- [What is expected]:
Among the entries that follow, locate the line with "Пряжа для вязания" and the line with "ビーチや温泉に行くなど使うだ". Output those lines and all lines in between, exactly, minus the pictures.

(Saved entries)
┄┄┄┄┄┄┄┄┄┄

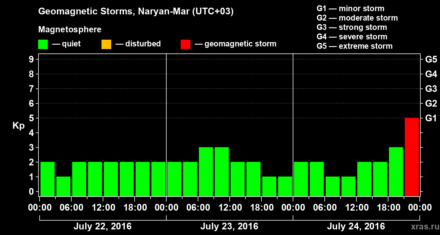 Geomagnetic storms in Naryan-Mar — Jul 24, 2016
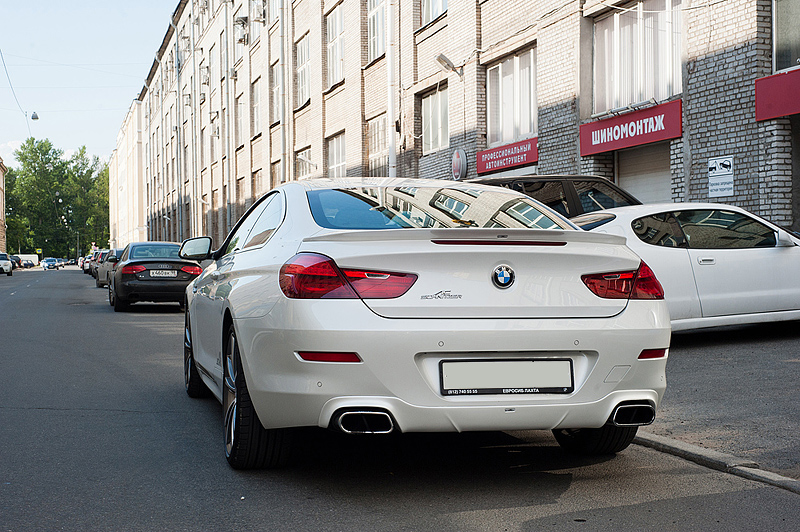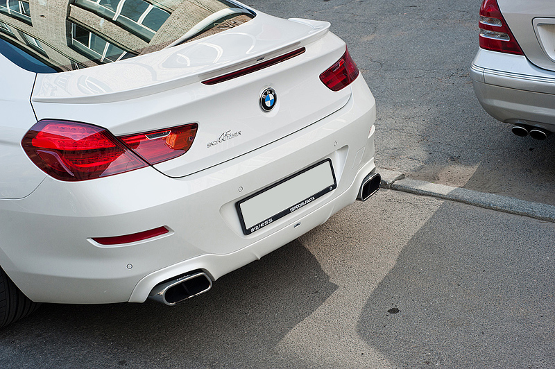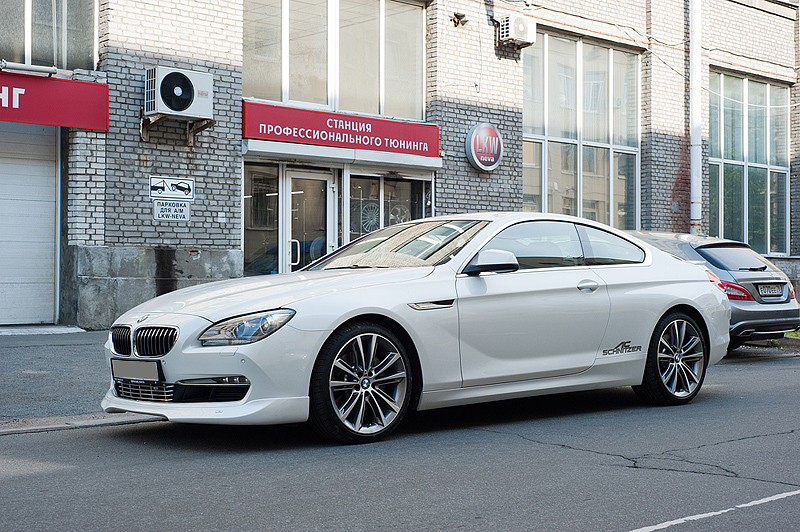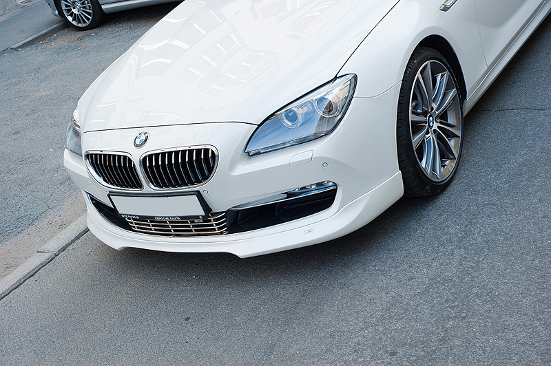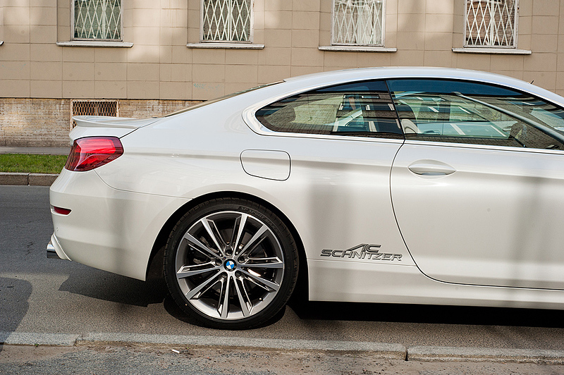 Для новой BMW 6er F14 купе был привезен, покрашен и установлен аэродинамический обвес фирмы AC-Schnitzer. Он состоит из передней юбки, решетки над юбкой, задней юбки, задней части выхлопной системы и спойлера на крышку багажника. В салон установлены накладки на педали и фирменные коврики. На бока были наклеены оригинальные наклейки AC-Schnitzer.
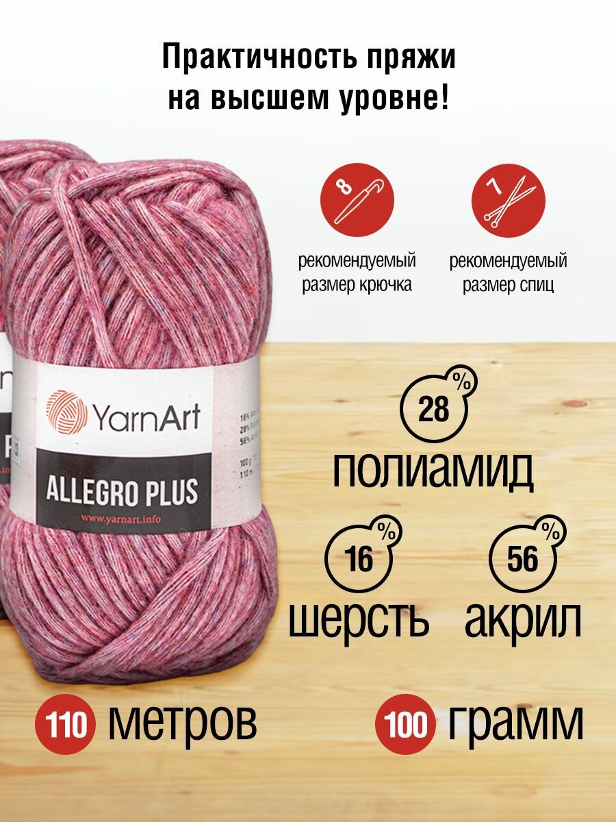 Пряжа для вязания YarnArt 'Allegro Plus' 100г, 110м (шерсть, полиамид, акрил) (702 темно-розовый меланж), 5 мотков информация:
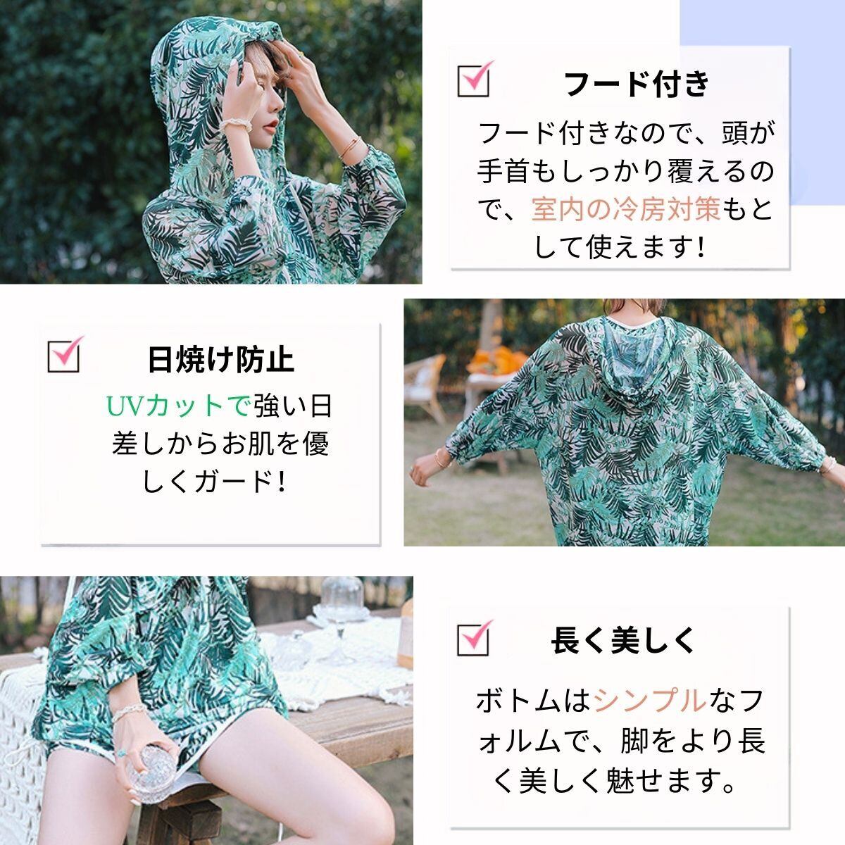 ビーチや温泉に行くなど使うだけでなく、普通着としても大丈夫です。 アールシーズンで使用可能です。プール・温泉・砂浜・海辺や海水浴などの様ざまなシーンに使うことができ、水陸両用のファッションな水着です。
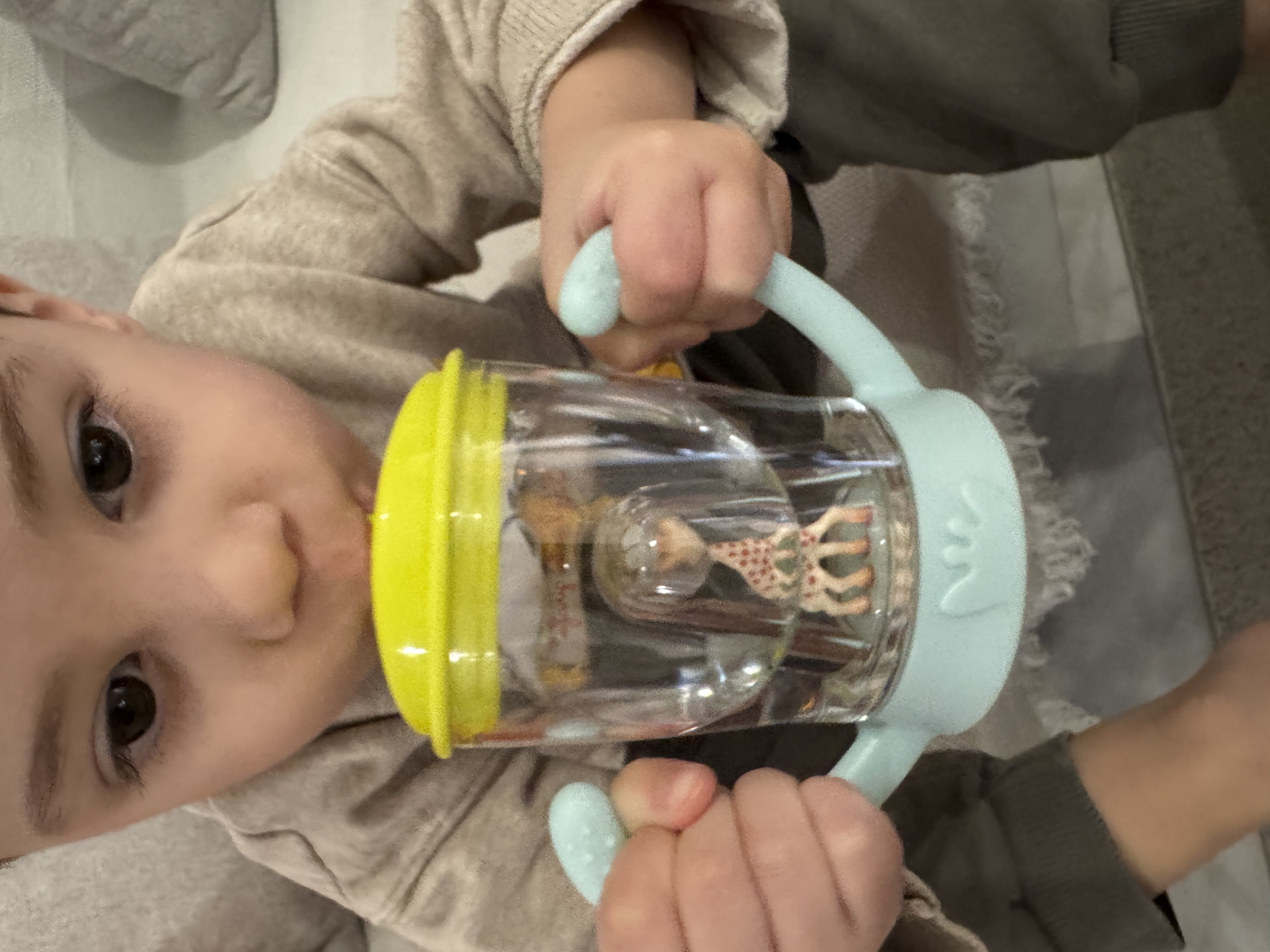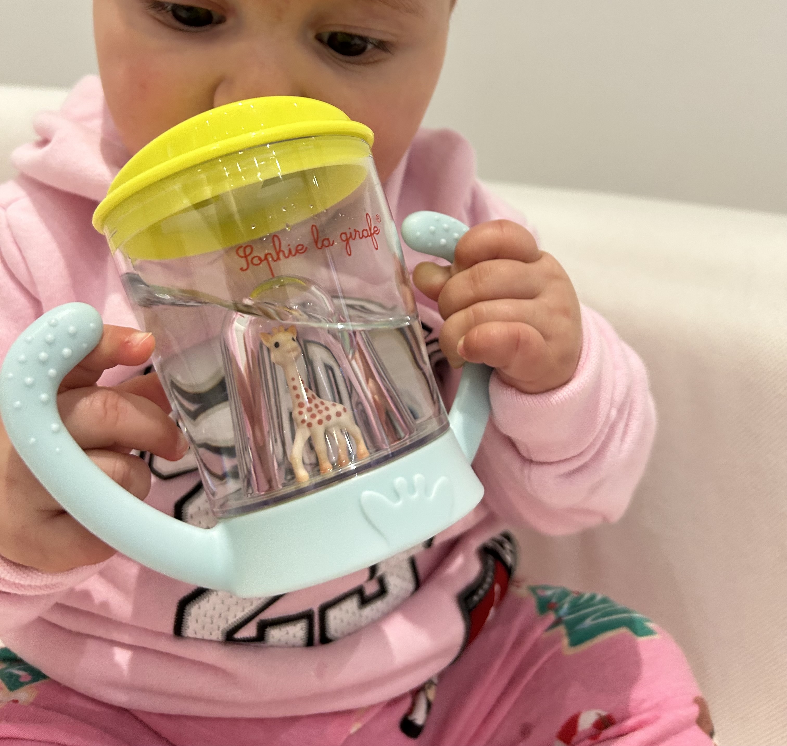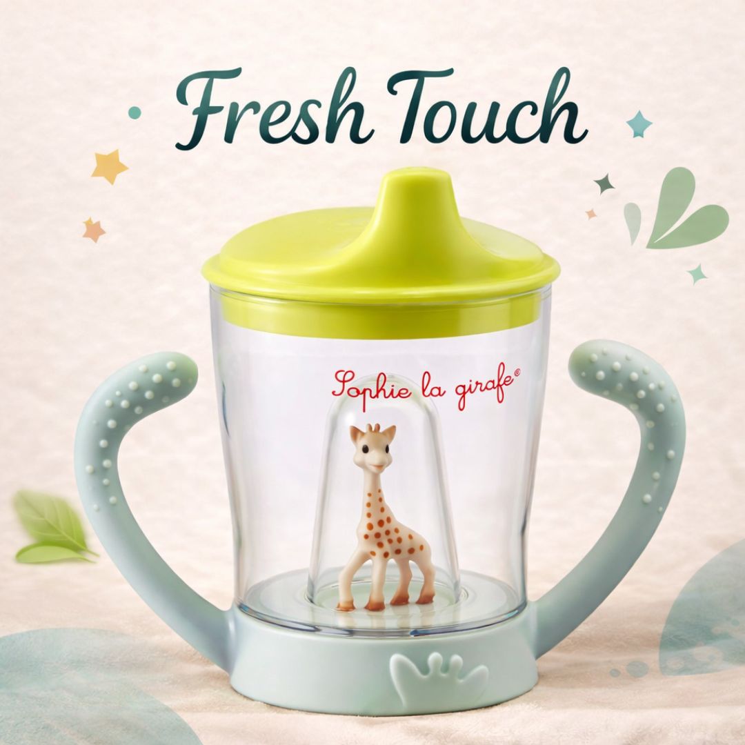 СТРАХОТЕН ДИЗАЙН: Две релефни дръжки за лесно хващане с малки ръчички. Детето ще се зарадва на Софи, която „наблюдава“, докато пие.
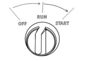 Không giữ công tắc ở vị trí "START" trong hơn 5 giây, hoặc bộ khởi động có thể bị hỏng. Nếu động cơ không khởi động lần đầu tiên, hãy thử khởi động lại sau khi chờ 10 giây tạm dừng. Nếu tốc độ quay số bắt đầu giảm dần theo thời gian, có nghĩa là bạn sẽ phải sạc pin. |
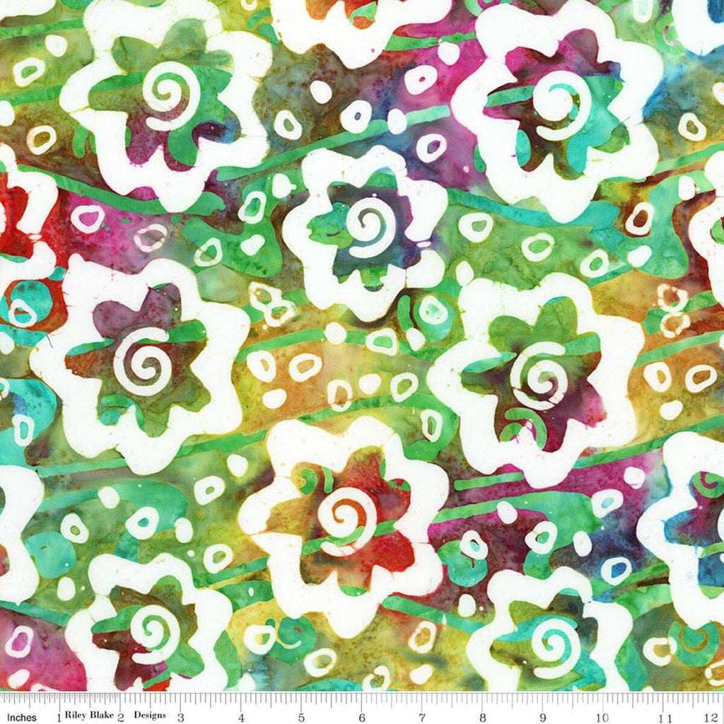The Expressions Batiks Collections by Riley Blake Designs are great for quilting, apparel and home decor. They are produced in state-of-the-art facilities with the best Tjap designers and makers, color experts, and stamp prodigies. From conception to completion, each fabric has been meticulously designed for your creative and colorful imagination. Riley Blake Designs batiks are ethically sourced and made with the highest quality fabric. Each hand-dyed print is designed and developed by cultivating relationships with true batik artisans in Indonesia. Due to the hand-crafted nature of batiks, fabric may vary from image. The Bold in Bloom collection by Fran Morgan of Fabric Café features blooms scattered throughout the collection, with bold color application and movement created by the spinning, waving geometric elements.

┄┄┄┄┄┄┄┄┄┄

- [Finished exercise]:
 Пряжа для вязания YarnArt 'Allegro Plus' 100г, 110м (шерсть, полиамид, акрил) (702 темно-розовый меланж), 5 мотков информация:
 ビーチや温泉に行くなど使うだけでなく、普通着としても大丈夫です。 アールシーズンで使用可能です。プール・温泉・砂浜・海辺や海水浴などの様ざまなシーンに使うことができ、水陸両用のファッションな水着です。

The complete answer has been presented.